Day one, or dressage, is like ballet for horses, or yoga for horses, in that it requires of the horse strength, relaxation and flexibility. Dressage demonstrates the quality of the horse’s gaits, his suppleness and fluidity of movement, as well as his obedience and accuracy. In that the horse and rider must complete a series of movements in a test from memory, it can also be compared to the compulsory figures in ice skating. It is, to my mind, the most difficult of the three phrases, as well as the only subjective element of the sport, because the quality of each test is judged by a human being, who awards marks on the above criteria that are then subtracted from an overall score, based on the unattainable: perfection. The lowest score wins the Kewpie doll.

Day two, or endurance, is considered the heart of eventing, and is the most exciting of the three days. It involves four phases within itself, all over varied terrain. Phase A, or roads and tracks, requires a set time span and pattern of trotting; Phase B, or steeplechase; Phase C, more roads and tracks and more trotting; and finally Phase D, cross country, where the horse and rider team must run and jump up to thirty immovable obstacles. The pair is judged on the horse’s willingness to jump the jumps the first time, penalized if not, as well as on time. A horse trial leading up to a three-day has only the last phase of endurance, cross country, without steeplechase and roads and tracks. Cross-country jumping efforts involve ditches, banks, water, tables, pheasant feeders, narrow fences, fences in combination with other fences, and all kinds of spooky versions of wide fences, or oxers, and vertical fences, all meant to test a horse’s boldness and jumping ability. Because the horse runs by himself when he goes cross country, and because he is by nature a pack animal, running and jumping solo over such impressive, stubborn obstacles stacks the deck and requires bravery with a capital B.

My sport is in the process of changing as I write this. There are many supporters of a modified format for the three-day event that eliminates the roads and tracks and steeplechase aspects of the sport, in order to save the horse as well as money. Contenders, however, feel that subtracting the endurance phase detracts from one of the principal characteristics of a true event horse: his fitness and conditioning. The jury is still out on the sport’s design in the future. Increasingly, as well as in these pages, we see a modified endurance phase without roads and tracks and steeplechase, although there are hangers-on of the traditional three-day event, usually at the lower levels.

Day three, or show jumping, takes place within the confines of a ring, and offers the traditional oxers and verticals with poles that will fall if hit, and that are often set in combination with other jumps at fixed distances.
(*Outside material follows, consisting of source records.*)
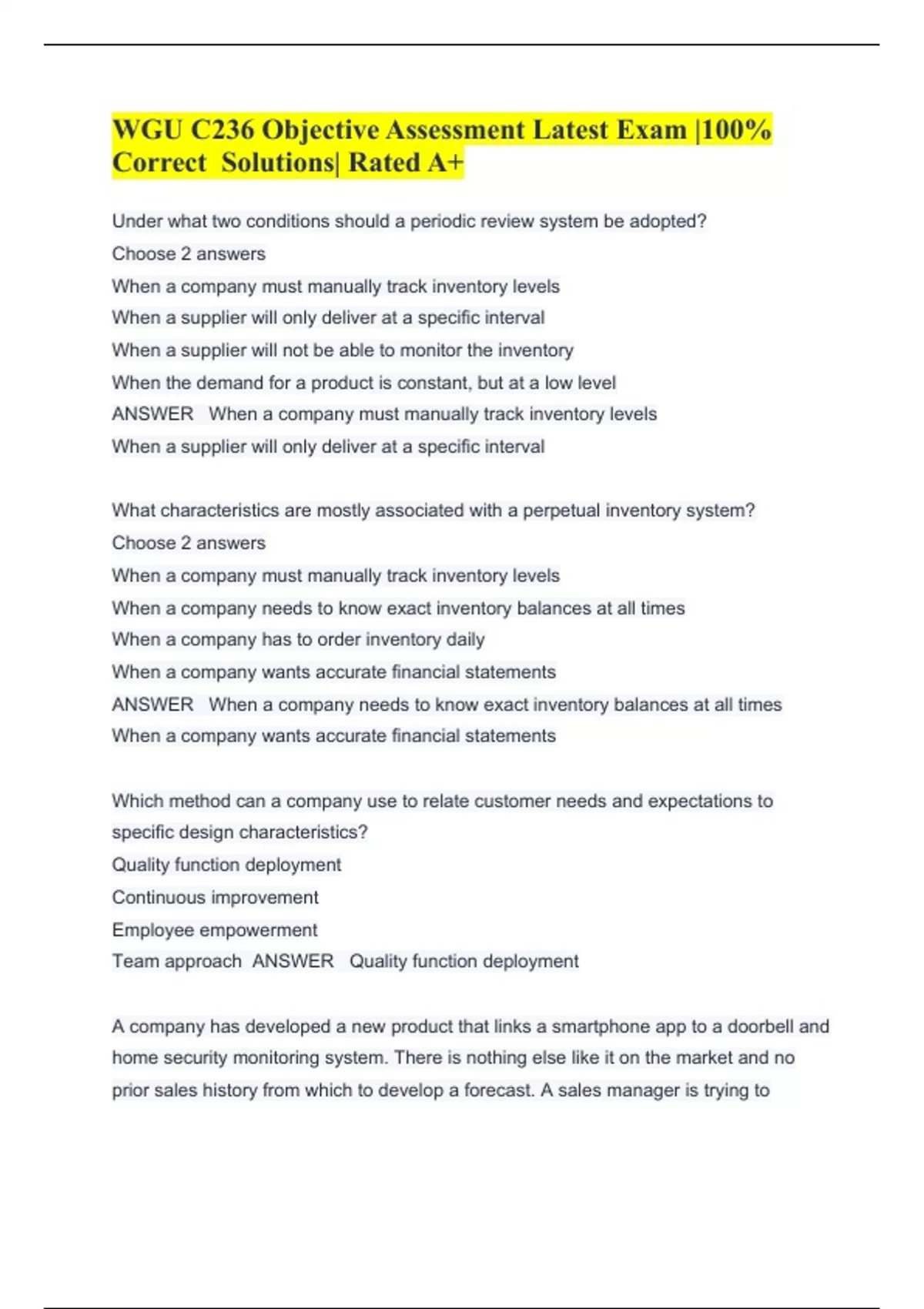 WGU C236 Objective Assessment Latest Exam |100% Correct Solutions| Rated A+ Under what two conditions should a periodic review system be adopted? Choose 2 answers When a company must manually track inventory levels When a supplier will only deliver at a specific interval When a supplier will not be able to monitor the inventory When the demand for a product is constant, but at a low level ANSWER When a company must manually track inventory levels When a supplier will only deliver at a specific interval What characteristics are mostly associated with a perpetual inventory system? Choose 2 answers When a company must manually track inventory levels When a company needs to know exact inventory balances at all times When a company has to order inventory daily When a company wants accurate financial statements ANSWER When a company needs to know exact inventory balances at all times When a company wants accurate financial statements Which method can a company use to relate customer needs and expectations to specific design characteristics? Quality function deployment Continuous improvement Employee empowerment Team approach ANSWER Quality function deployment A company has developed a new product that links a smartphone app to a doorbell and home security monitoring system. There is nothing else like it on the market and no prior sales history from which to develop a forecast. A sales manager is trying to determine the best price point for introduction, while also trying to estimate what first-year sales volumes might be. What are two possible means for determining the price point and first-year sales forecast? Choose 2 answers Exponential smoothing Panel of experts Test market Buildup method ANSWER Panel of experts Test market
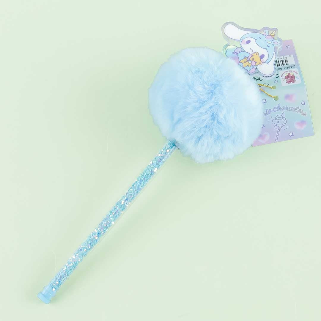 A sparkly pen with a cap that has a furball and an acrylic charm of Cinnamoroll wearing a unicorn costume
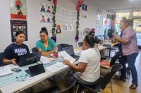 Among them were Rosalba Sernas and Mayvorly Boj, who were paying close attention to the training they were receiving before starting their phone calls.
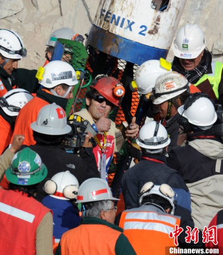 據(jù)報道,快到當?shù)貢r間13日上午9點時,現(xiàn)年56歲的喬治.加利古洛斯(Jorge Galleguillos)順利升井,成為智利圣何塞銅礦第11名被營救出來的被困礦工。

Show jumping tests a horse’s athleticism, obedience and accuracy over fences. It is judged on whether or not the rails stay up, as well as on time.

In order to be a successful eventer, the horse has to be versatile at all three phases; he must be fluid and brave and fast, obedient and accurate. It is hard to train a horse to be a superior athlete in all three phases. As hard, if not harder, to train a woman who never competed in a competitive sport until she was in her mid-life. My hope is that this book is not just about the sport of eventing, or for people who love horses, although it is certainly largely for them, but also for all those who’ve taken up some endeavor with a passion, then committed themselves to becoming the best they could be at it, in the face of many obstacles, real and imagined, tangible and not.

I’m a poet by first trade, and so it makes a kind of sense that I start this chronicle at the end of a year and not at the beginning, cockeyed as poets tend to be. I’m also a bit of a workaholic and like to set impossible tasks for myself, and so decide to begin this project as we enter the Christmas season, a demanding time for everyone, but especially for horse people who are also parents. Life on the farm goes on, no matter what.